Frustrated! Recruitment!

Frustrated! Recruitment!

I find one of the hardest things about being a freelance developer is dealing with the recruitment process. Its a process that is with you twenty four hours a day and 7 days a week, it is relentless and encompasses the good the bad and the ugly. I just took nearly 3 months off to travel after getting to the point of I have had enough, I got to Spain and my phone was completely switched off, so all agents got was "This number is not available at this time" which is quite meaningless but it actually means that the phone number is still being paid for and is active and you can text me, but you just cant call me because I am in another country. Tremendously this was a massive release as I no longer got any calls from recruiters.

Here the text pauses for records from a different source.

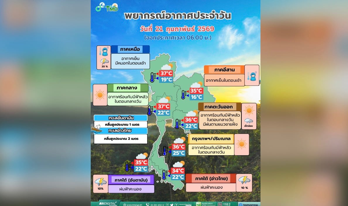 กรมอุตุนิยมวิทยาออกประกาศ 21 ก.พ. 69 ระบุ 24 ชั่วโมงข้างหน้า ประเทศไทยมีสภาพอากาศหลากหลาย เหนือมีฝนฟ้าคะนองบางแห่ง อีสานเช้าอากาศเย็น ภาคกลาง–กทม.อากาศร้อน ใต้คลื่นอ่าวไทยตอนล่างสูงราว 2 เมตร พร้อมเตือนช่วง 23-25 ก.พ. ไทยตอนบนเสี่ยงพายุฤดูร้อน
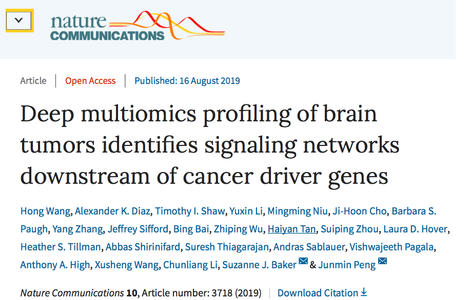 Hong Wang, Alexander K. Diaz, et al. Deep multiomics profiling of brain tumors identifies signaling networks downstream of cancer driver genes. Nat Commun. (2019) 3718
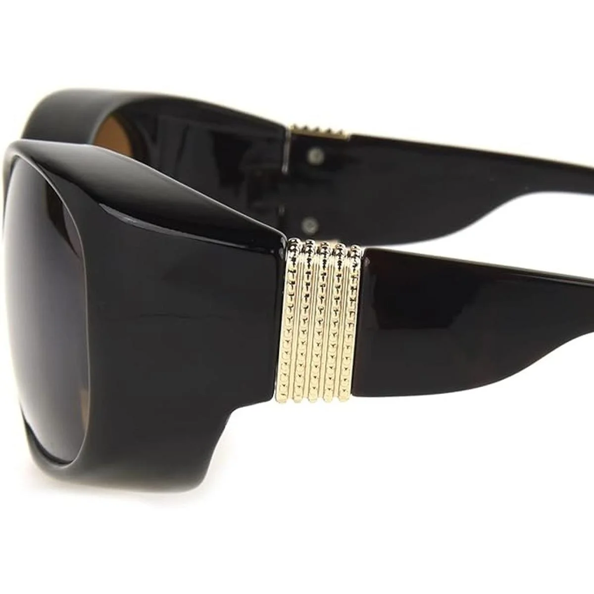 Gafas de sol polarizadas con escudo solar para gafas de sol AZT FO029, marco negro brillante, lentes ahumadas grandes
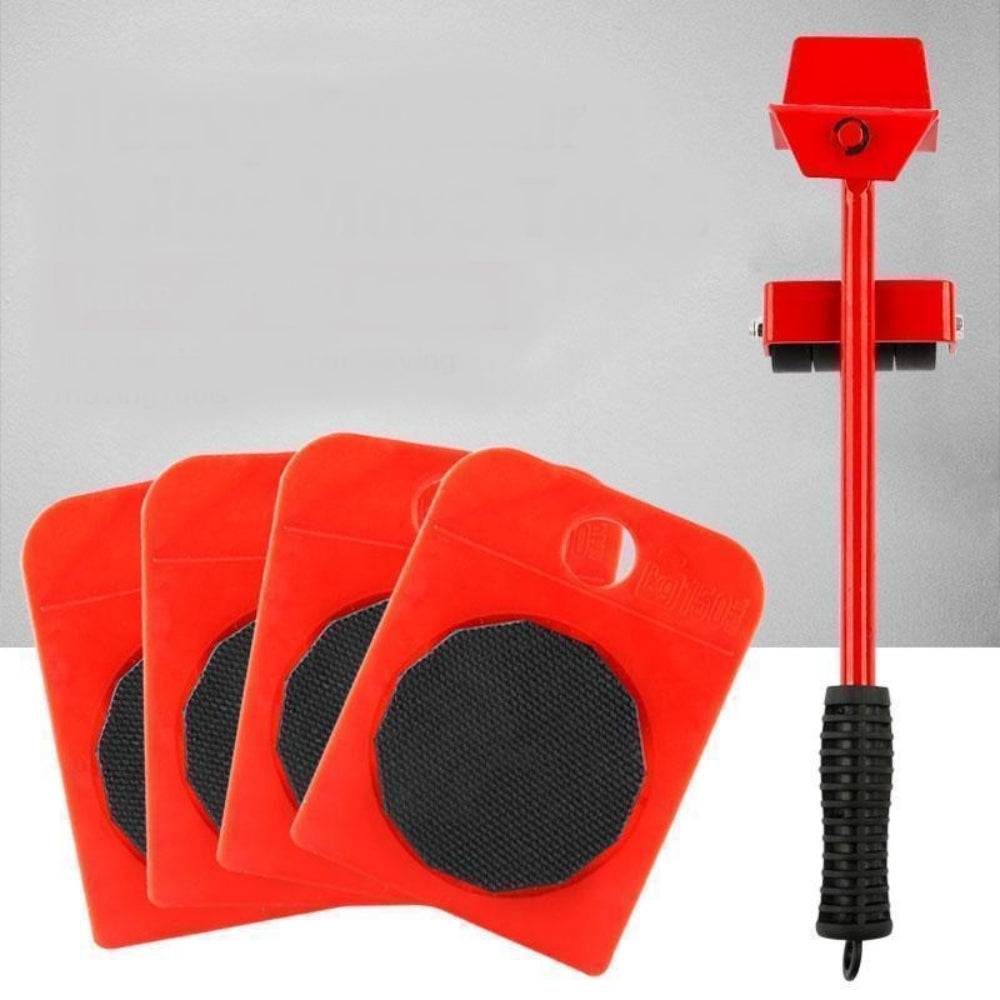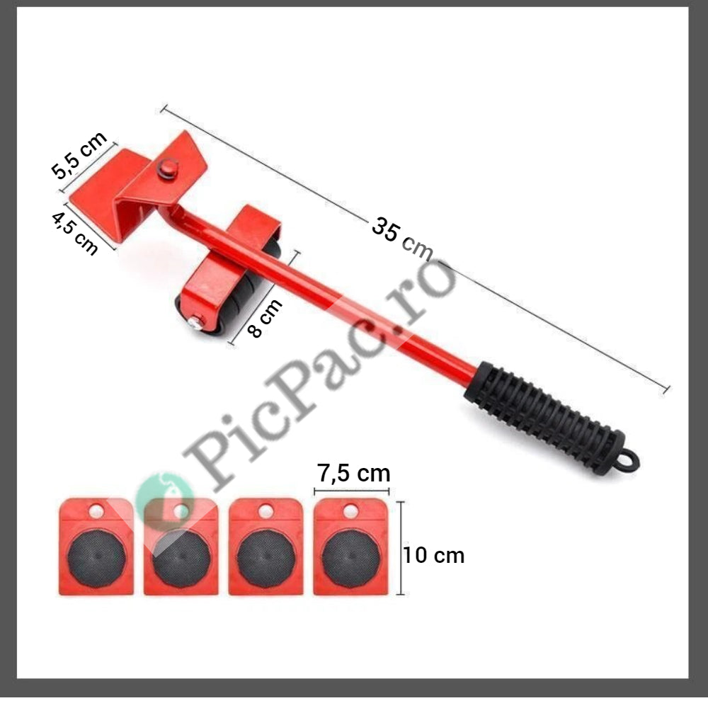 Acest set pentru mutat mobila grea este format din 4 piese cu roti si o parghie cu roti.

No this is not another candidate saying I hate recruiters post, I have over the last year grown to understand that recruiters are part of doing business I have to learn to handle them gracefully and always have a positive connection with them irrespective of the process behind and the reason why they called me. Yes I know your not going to send my resume to an employer without talking to me and yes I know a phone conversation or a face to face encounter will tell you an enormous amount about whether or not you think I am right for the company your recruiting for. However you do need to bear in mind that I take calls from recruiters all day every day whether or not I am currently on contract. You also need to realise I may often be in scenarios where I cannot speak freely, for example my boss is standing next to me, I am surrounded by a group of colleagues who I am contractually obliged not to reveal how much I am being paid to. NB: Some questions are best asked via email.

Recruiters for many roles have to be and are predatory, when a recruiter gets a role with requirements as long as your arm and no salary they don't have a choice. If I was a recruiter I would be doing it too! Here are just a few of the predatory processes I have seen:

  • Recruiter sends you for an interview with a top company calling it talent scouting there are no immediate jobs available, gives you no feedback on the interview. Months and months later the recruiter notices you haven't worked for a couple of months so rings you to see if you will take a permanent job with that employer. This one is probably both the recruiter and the employer being predatory. I absolutely would not take any job this way!! I would advise any candidate not to take any job this way either! I would advise recruiters to cease this practice.
  • Recruiter scans through old resumes on job boards and looks for contractors who haven't worked for 2 months or more and calls you for permanent work or a low rate contract. They are not subtle either they literally tell you "I noticed you haven't worked for a while and had considered you might be ready to lower your rate or consider a permanent role". Seriously it is not ok! to say this no matter what. I would advise recruiters to stick to marketing the role and candidates that have applied.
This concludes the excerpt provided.